We hebben een hele zachte winter gehad. Het gras heeft nagenoeg geen winterrust gehad. Gedurende de winter heeft het gras langzaam gegroeid en het heeft zich niet hoeven te herstellen van een langdurig sneeuwdek of kale droge vorstperiode. De maanden januari, februari en maart zijn warmer dan het meerjarig gemiddelde. De maand februari is uitzonderlijk warm geweest namelijk 2,8 graden warmer dan het meerjarig gemiddelde en 5,4 graden warmer dan de maand februari in 2018 (weerstation de Bilt).

Vanaf 15 februari is er in een korte tijd op veel percelen de mest onder gunstige bodem- en weersomstandigheden uitgereden. De mineralisatie komt goed op gang en dat zien we nu al duidelijk terug in de groeifase van het gras. Daarbij komt nog de aanvullende bemesting waarmee het gras voldoende stikstof heeft om een goede eerste snede met voldoende eiwit te gaan winnen.
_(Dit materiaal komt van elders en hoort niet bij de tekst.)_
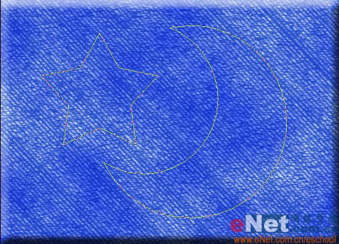 5、单击图层控制面板下方的“添加图层蒙版”按钮,为牛仔布图层添加图层蒙版。然后选择工具箱中的“自定形状”工具,在形状面板中选择两个形状路径,在画面中绘制,效果如图08所示。

De verwachting is dat de eerste snede hierdoor weleens 10 dagen eerder kan zijn dan andere jaren. Het is belangrijk om dit te realiseren. Als er gemaaid wordt op dezelfde datum als vorig jaar dan kan dit gevolgen hebben voor de kwaliteit van de opbrengst. Er vanuit gaande dat de bemesting voor de eerste maaisnede afgestemd is op bv 3500 kg ds met een eiwitpercentage van 16% zal het eiwit gehalte dalen tot 12% als gemaaid wordt bij een zwaardere snede (4500 kg).

Vooruitzichten van het weer

Maandag 08 april tot en met maandag 15 april: Licht wisselvallig met af en toe wat (buiige) regen (met neerslagkans van 20-40%) en temperaturen rond normaal. Kleine kans (maximaal 20% aan het einde van de periode) op een overgang naar een zachter en natter weertype. Met deze vooruitzichten kunnen we dus geen ‘grote veranderingen’ verwachten. Al blijft het weer altijd een inschatting.